[Solitary fibrous tumor of pleural cavity].

INTRODUCTION

Solitary fibrous pleural tumor (SFT) is, in most cases, a benign tumor arising from mesenchymal cells. A malignant version of the tumor is rare and its histopathological evaluation is quite difficult. Usually, SFT affects visceral, as well as parietal pleura, most commonly in a form of a pedunculated tumor. The treatment is primarily surgical, with the aim to perform radical resection even in case of infiltrative growth. Adjuvant therapy is indicated in malignant varieties of the tumor, however, its outcome is uncertain.
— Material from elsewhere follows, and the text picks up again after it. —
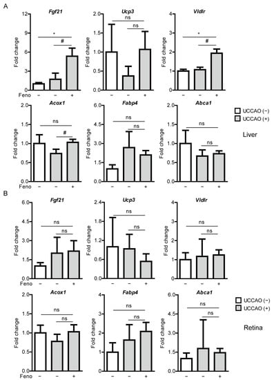 Increases in PPARα downstream gene expressions in the liver by oral administration of fenofibrate in the UCCAO-operated mice. (A) Quantitative analyses (n = 3 for sham group; 4–5 per UCCAO group) show that oral administration of fenofibrate significantly increased Fgf21, Vldlr, and Acox1 expressions in the liver 7 days after UCCAO. (B) Quantitative analyses (n = 3 for sham group; 4–5 per UCCAO group) show that oral administration of fenofibrate did not change expressions of PPARα downstream gene in the retina. * p < 0.05 (one-way ANOVA), # p < 0.05 (Student’s t-test). The data were analyzed using Student’s t-test (two-tailed) or one-way ANOVA followed by a Bonferroni post hoc test and presented as mean ± standard deviation. Feno; fenofibrate. UCCAO; unilateral common carotid artery occlusion.

SFTs have fairly high relaps rates and their prognosis and the risk of relaps can be estimated based on morphological indicators and assessment of their biological characteristics.

AIM

Retrospective analysis of SFT group of patients, who were operated from 2006 to 2009.

SUBJECTS AND METHODS

The authors present a group of 11 patients with solitary fibrous pleural tumors, who were operated at the Ist Faculty Hospital Surgical Clinic of the LF UP (Medical Faculty of the Palacky University) in Olomouc from 2006 to 2009. The authors assessed the patient's age, size of the tumors, types of the procedures, biological characteristics of the tumors, duration of hospitalization and complication rates.

CONCLUSION

Solitary pleural tumors are fairly rare tumors arising from fibroblastic cells, Its biological characteristics is uncertain and, in some cases, is difficult to assess based on immunohistochemical, as well as morphological indicators. The treatment is surgical--removal of the tumor as far as the healthy tissue. Adjuvant therapy is indicated in malignant varieties of the tumor. SFT relaps rate is fairly high, depending on the tumor biological characteristics and its morphological features.